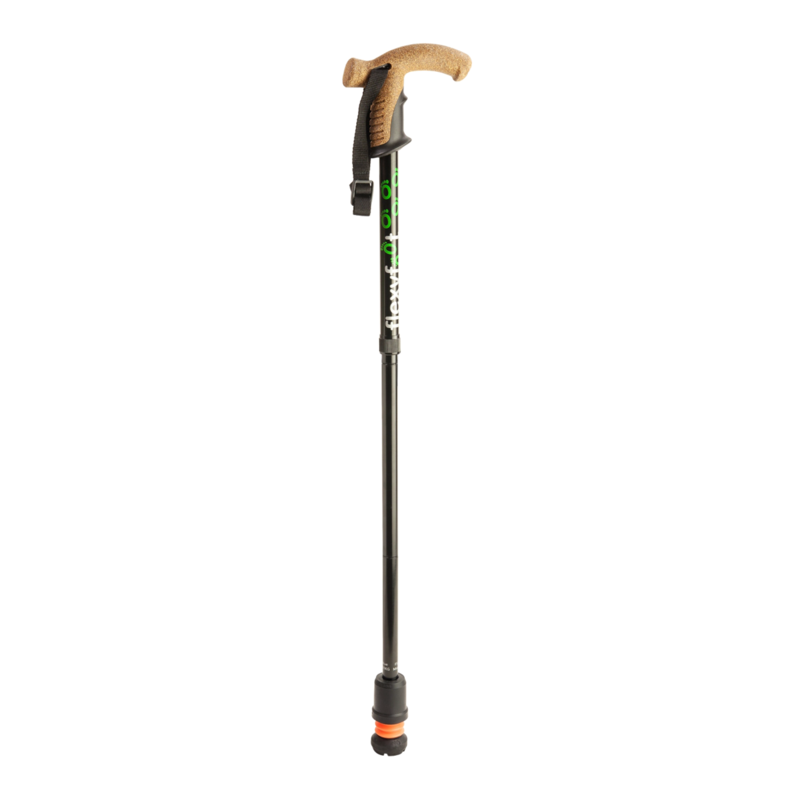 Poignée multifonction en liège avec dragonneHauteur réglable de 71 à 148 cmAvec embout FlexyfootComplètement pliableAluminium anodisé
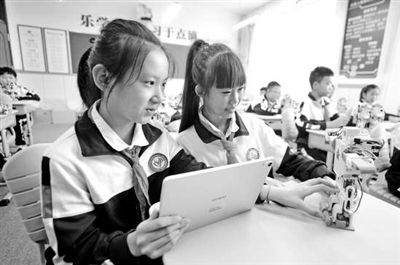 近日,山东省青岛市市北区平安路第二小学开展“校园科技之光”主题活动,学生用平板电脑编写程序操控机器人。王海滨 摄
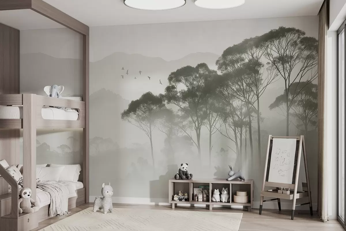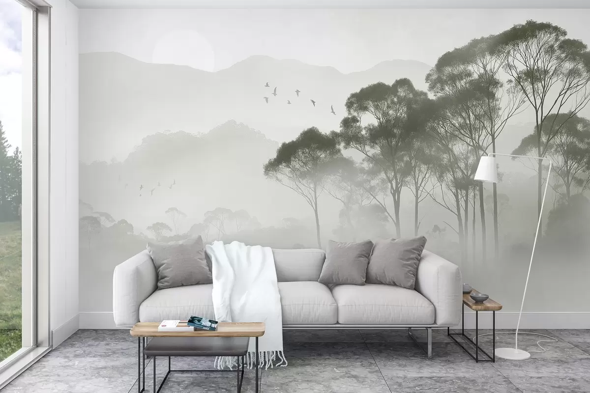 Тапете за зид Дрвеће у магли, пејзажи природе, птице, сунце, зелене боје бр. w02740
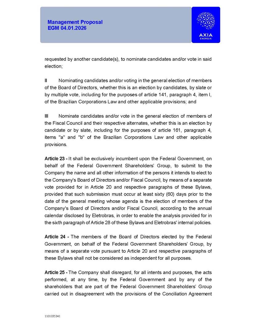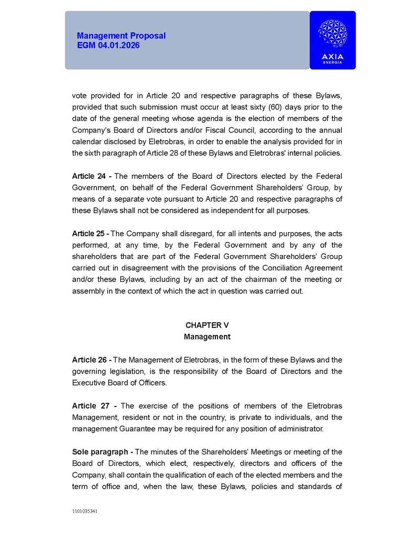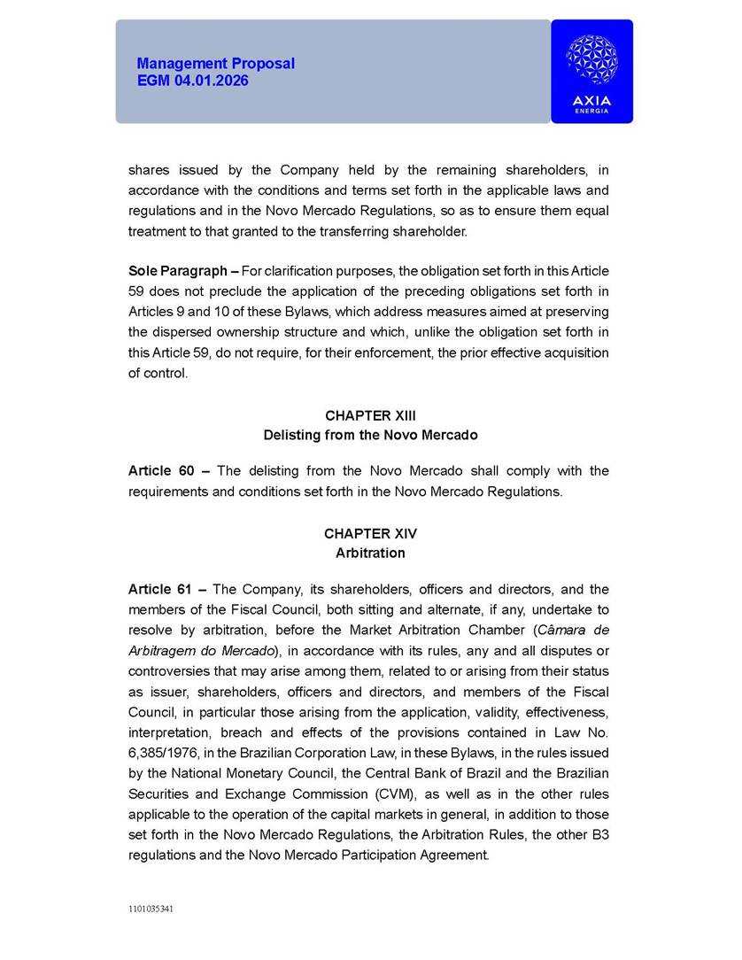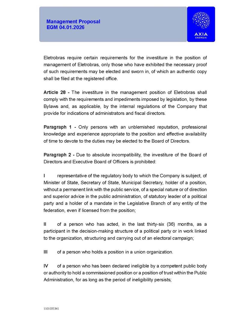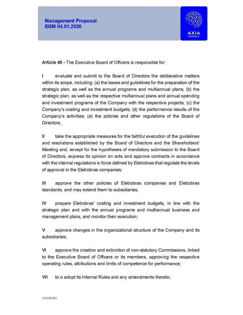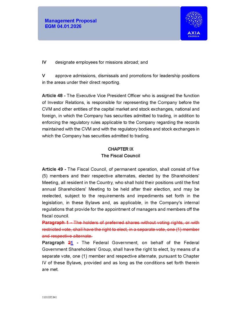 1101035341 Management Proposal EGM 04.01.2026 Management Proposal EGM 04.01.2026 1101035341 Management Proposal EGM 04.01.2026 Index 1. Manual for Participation ................................................................... 47 1.1. Introduction ...................................................................................... 47 1.2. Exclusively Digital Meeting .............................................................. 58 1.3. Remote Voting Ballot (BVD) ............................................................ 69 1.4. Required Documents ..................................................................... 812 1.5. Registration and Accreditation ..................................................... 1013 1.6. Declaration of Membership in a Group of Shareholders .............. 1215 2. Management Proposal .............................................................. 1417 2.1. General Guidelines ...................................................................... 1417 2.2. Agenda ........................................................................................ 1518 2.3. Clarifications on the agenda of the EGM ..................................... 1621 2.4. List of Schedules ......................................................................... 3344 2.5. Conclusion ................................................................................... 3545 SCHEDULE 1 ............................................................................................... 3646 SCHEDULE 2 ............................................................................................... 4259 SCHEDULE 3 ............................................................................................... 4664 SCHEDULE 4 ............................................................................................ 101119 SCHEDULE 5 ........................................................................................... 138157 SCHEDULE 6 ........................................................................................... 189208 SCHEDULE 7 ........................................................................................... 193212 SCHEDULE 8 ........................................................................................... 247266 SCHEDULE 9 ........................................................................................... 284304 1101035341 Management Proposal EGM 04.01.2026 1101035341 Management Proposal EGM 04.01.2026 1. Manual for Participation 1.1. Introduction The Management of CENTRAIS ELÉTRICAS BRASILEIRAS S.A. – Eletrobras, a corporation, headquartered in the City of Rio de Janeiro, State of Rio de Janeiro, at Avenida Graça Aranha, No. 26, Store A, Downtown, Zip code 20030-090, registered in the National Registry of Legal Entities (Cadastro Nacional de Pessoas Jurídicas) ("CNPJ") under No. 00.001.180/0001-26 ("Company" or "AXIA Energia"), with its bylaws filed with the Commercial Registry of the State of Rio de Janeiro (Junta Comercial do Estado do Rio de Janeiro) under NIRE 33.3.00346767, registered with the Brazilian Securities and Exchange Commission (Comissão de Valores Mobiliários) ("CVM") as a publicly-held company category "A" under the code 00243-7, with its securities currently admitted to trading on Level 1 of Corporate Governance of B3 S.A. – Brasil, Bolsa, Balcão ("B3"), pursuant to Brazilian Law No. 6,404, of 1976 ("Brazilian Corporate Law"), and CVM Resolution No. 81, of 2022 ("RCVM 81"), presents this Participation Manual, containing the information, documents and clarifications to guide the participation of shareholders at the Company's Extraordinary General Meeting, to be held exclusively digitally, on first call, on April 1, 2026, at 4 p.m., considering, therefore, to be held at the Company's headquarters ("Meeting" or "EGM" and "Manual", respectively), as well as the management proposal regarding the resolutions on the agenda, including the analysis of the matters submitted to the shareholders at the Meeting ("Management Proposal"). The Company's Management clarifies that, on this same date, it is also disclosing the call notice calling the Special Meeting of Class "A1" Preferred Shareholders ("PNA1") ("PNA1 Special Meeting") and the Special Meeting of Class "B1" Preferred Shareholders ("PNB1") ("PNB1 Special Meeting"), to be held, likewise, on April 1, 2026. As will be detailed in this Management Proposal, the PNA1 Special Meeting and the PNB1 Special Meeting are part of the context of this EGM, being held pursuant to and for the purposes of article 136, §1, of the Brazilian Corporate Law, given that the EGM agenda contemplates proposals for conversion of PNA1 and PNB1 shares. 1101035341 Management Proposal EGM 04.01.2026 1.2. Exclusively Digital Meeting The Meeting will be exclusively digital, to be held through the digital platform of "Atlas AGM" ("Digital Platform"). The exclusively digital format is intended to facilitate the participation of shareholders and others involved in the Meeting, pursuant to the Brazilian Corporate Law, RCVM 81 and the Company's Bylaws. Shareholders who wish to participate in the Meeting must register on the https://atlasagm.com website or through the "Atlas AGM" application available on the Apple Store and Google Play Store ("Application") and submit all documents necessary to qualify for participation or voting at the Meeting by 11:59 p.m. on March 30, 2026. The Digital Platform meets the requirements set forth in article 28, paragraph 1, items I to III, of RCVM 81 and the Meeting will be fully recorded. By accessing the Digital Platform and participating in the Meeting, the Admitted Shareholder (as defined below) authorizes the Company, and third parties authorized by the Company, to record and use the information, in accordance with applicable law. The recordings and related information will be used and processed by the Company for a period of five years, and may be used for the Company's de
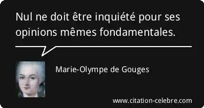 Le principe de toute souveraineté réside essentiellement dans la Nation, qui n'est que la réunion de la Femme et de l'Homme : nul corps, nul individu, ne peut exercer d'autorité qui n'en émane expressément.
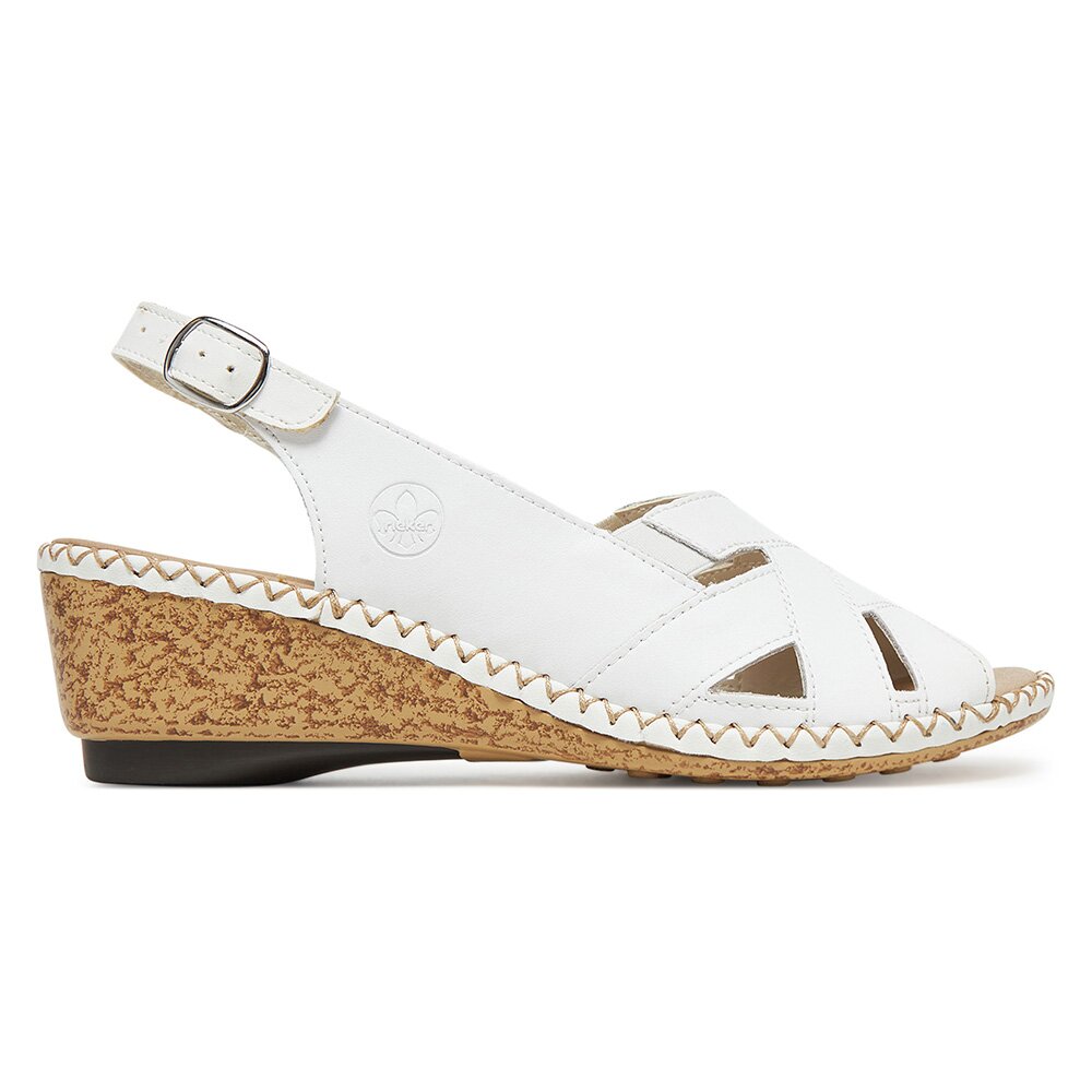 Sandály BÍLÁ Přírodní kůže pokrytá syntetickým materiálem RIEKER 66189-80 Biały Rieker Dámské/Obuv/Sandály
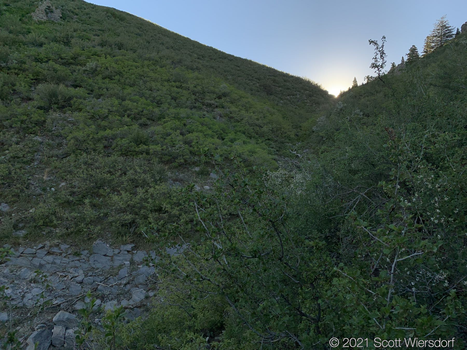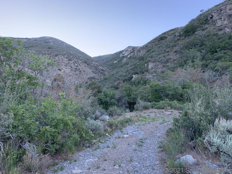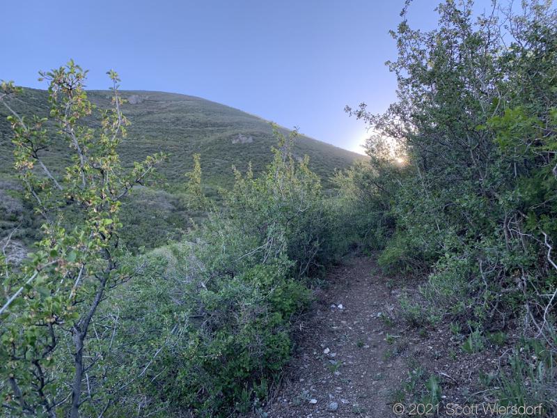 The first half-mile of the trail is an old service road. Some (possibly all) of this property belongs to the City of Cedar Hills. It’s kind of a mess of trails and roads that loop and criss-cross. I had gone up to the trailhead the night before to walk the first half mile to see if I could find my way into Heisetts Hollow.

→ **About this exercise**
Leaving out the pictures, print each line of the records above from the first up to and including the one that contains "Тапете за зид", exactly as written.

→ **Response for this exercise**
 Poignée multifonction en liège avec dragonneHauteur réglable de 71 à 148 cmAvec embout FlexyfootComplètement pliableAluminium anodisé
 近日,山东省青岛市市北区平安路第二小学开展“校园科技之光”主题活动,学生用平板电脑编写程序操控机器人。王海滨 摄
 Тапете за зид Дрвеће у магли, пејзажи природе, птице, сунце, зелене боје бр. w02740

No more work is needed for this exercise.